Material shown section start

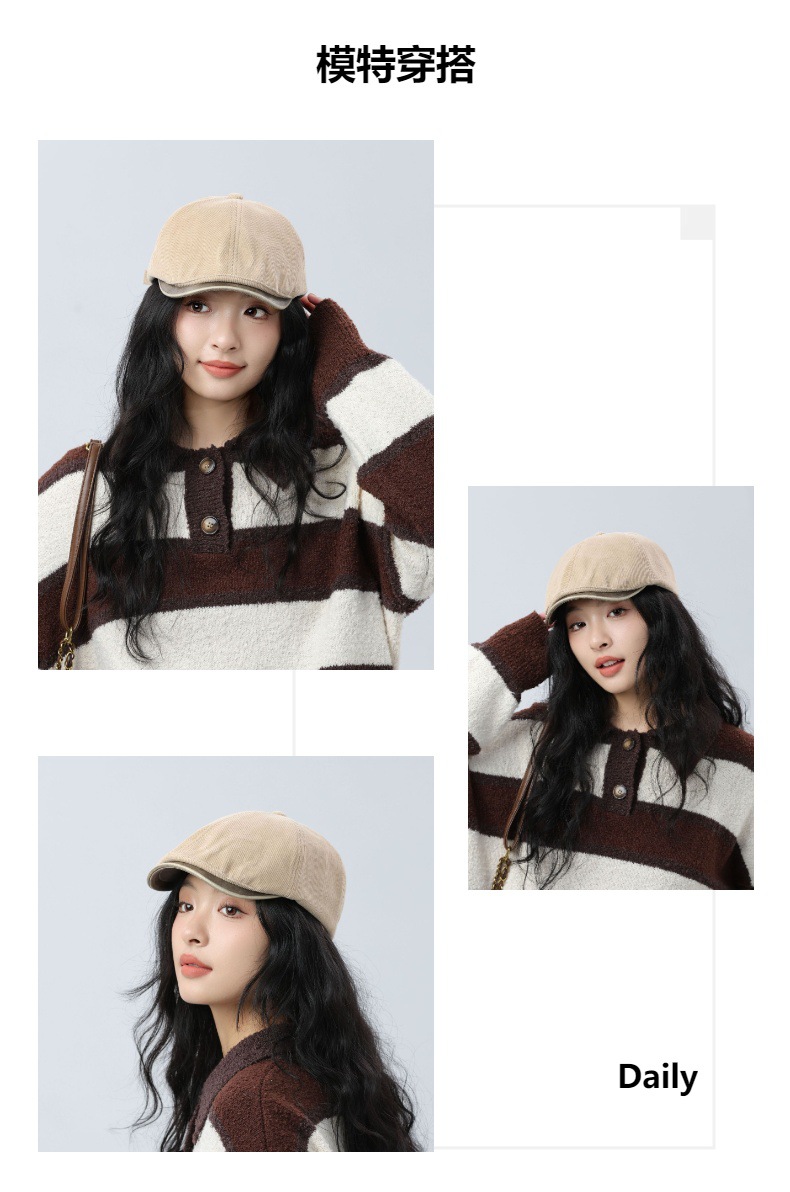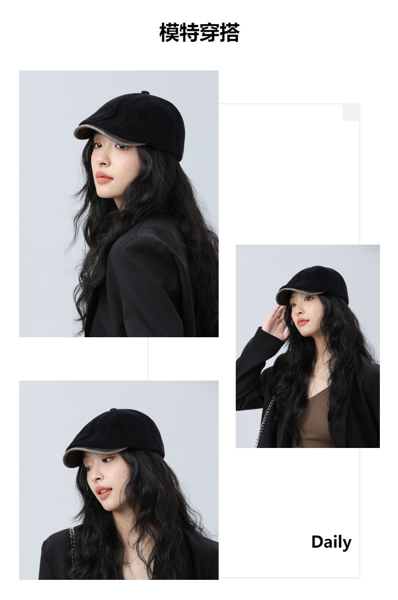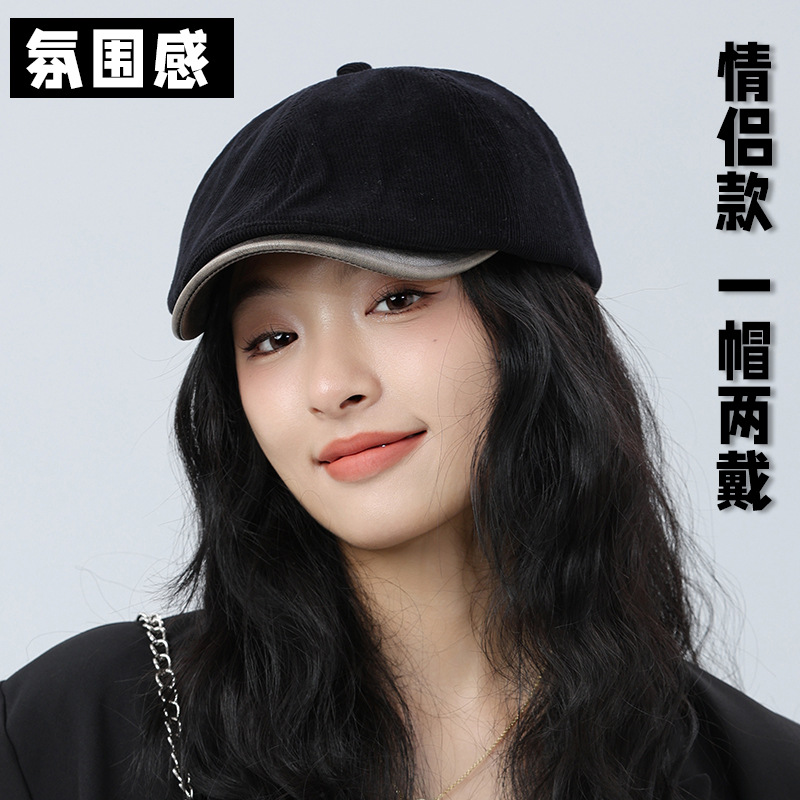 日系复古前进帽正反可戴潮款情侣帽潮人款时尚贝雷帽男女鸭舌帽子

Material shown section end
Material shown section start

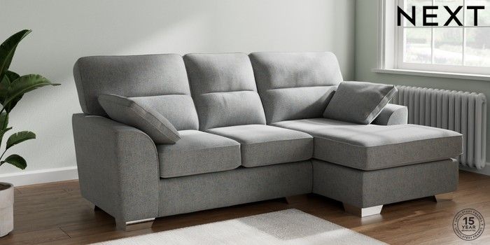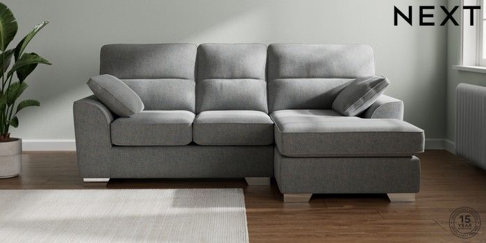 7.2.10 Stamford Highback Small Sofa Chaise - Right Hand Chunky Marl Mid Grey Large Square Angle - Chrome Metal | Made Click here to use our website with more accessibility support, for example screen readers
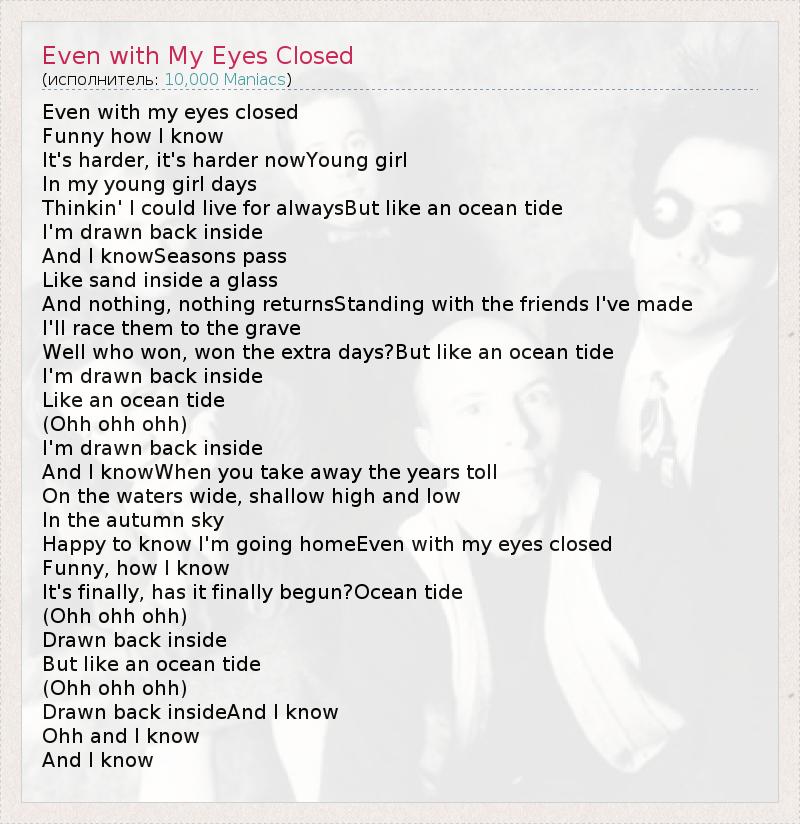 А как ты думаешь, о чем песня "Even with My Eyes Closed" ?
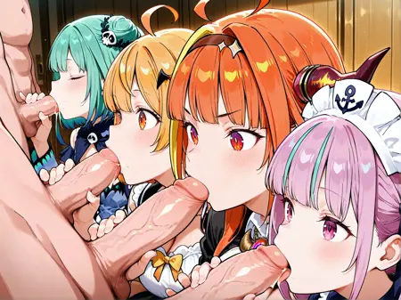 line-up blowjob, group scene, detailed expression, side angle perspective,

Material shown section end
Material shown section start

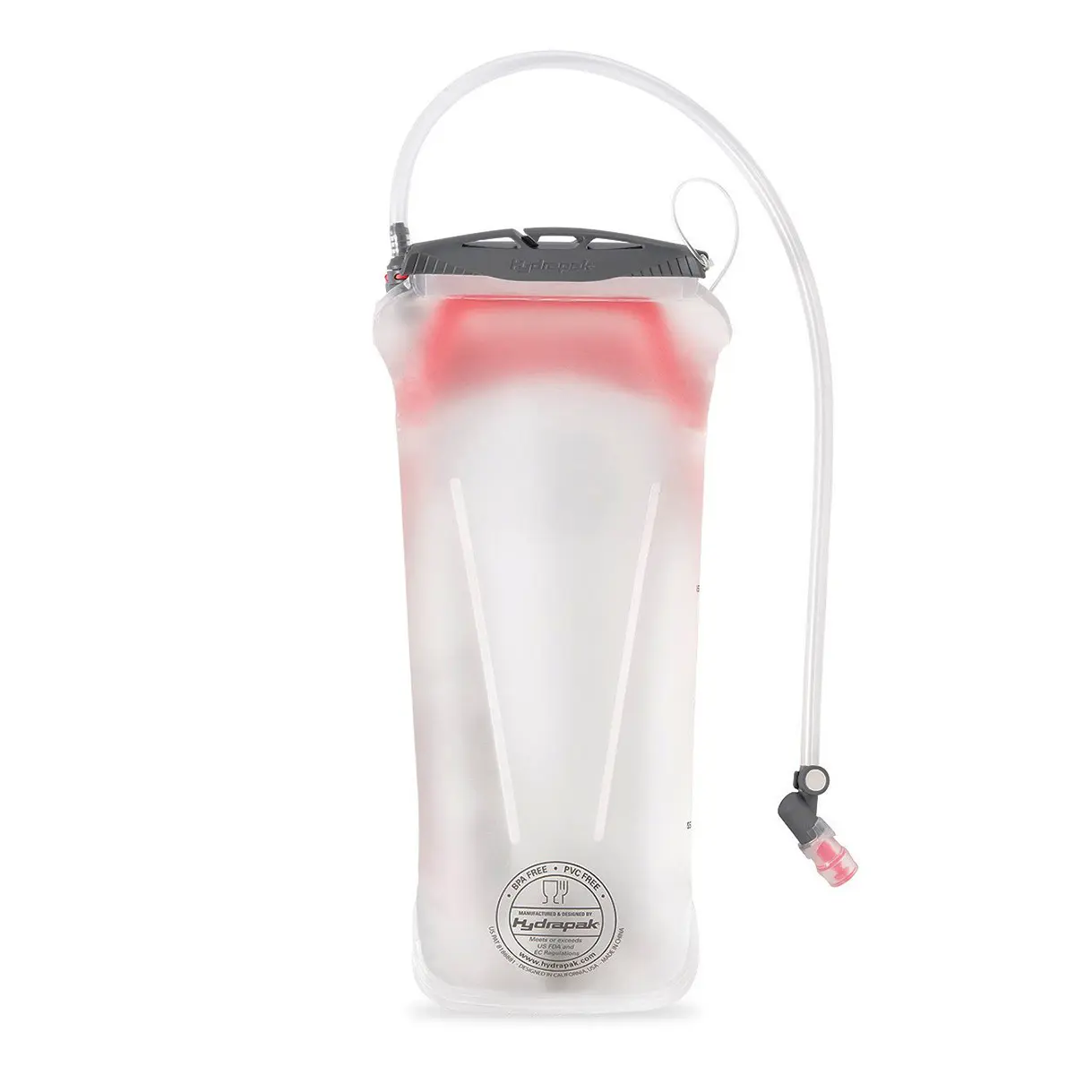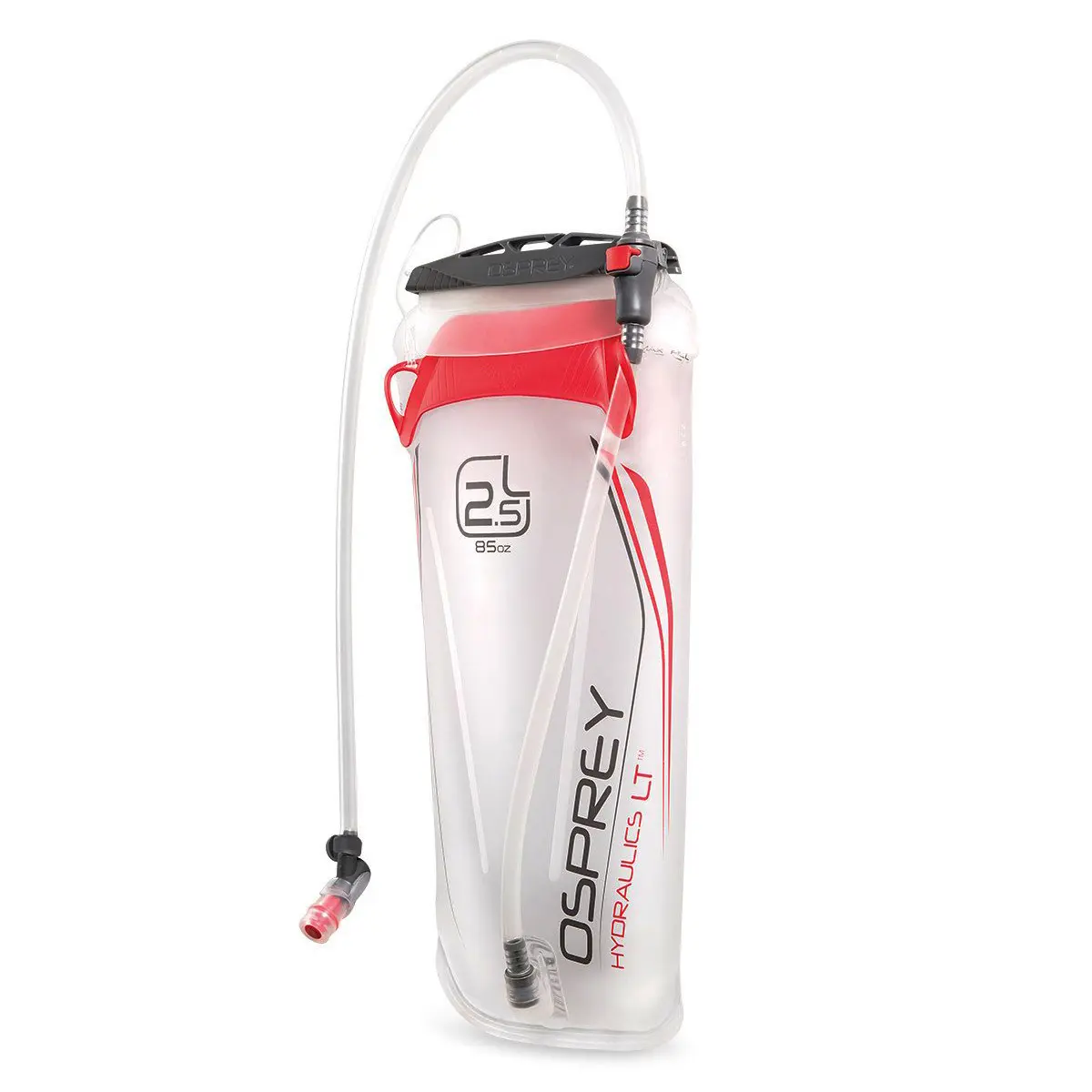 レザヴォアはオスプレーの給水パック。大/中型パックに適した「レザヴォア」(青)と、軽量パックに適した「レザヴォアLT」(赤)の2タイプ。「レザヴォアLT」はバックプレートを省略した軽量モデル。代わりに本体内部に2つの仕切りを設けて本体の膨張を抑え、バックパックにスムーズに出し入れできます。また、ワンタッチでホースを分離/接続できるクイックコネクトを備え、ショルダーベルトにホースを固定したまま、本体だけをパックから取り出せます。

Material shown section end

Exercise prompt: Set the pictures aside and reproduce exactly the lines above, from the line holding "А как ты думаешь, о" through the line holding "line-up blowjob, group", both included, with nothing else.

Task output:
 А как ты думаешь, о чем песня "Even with My Eyes Closed" ?
 line-up blowjob, group scene, detailed expression, side angle perspective,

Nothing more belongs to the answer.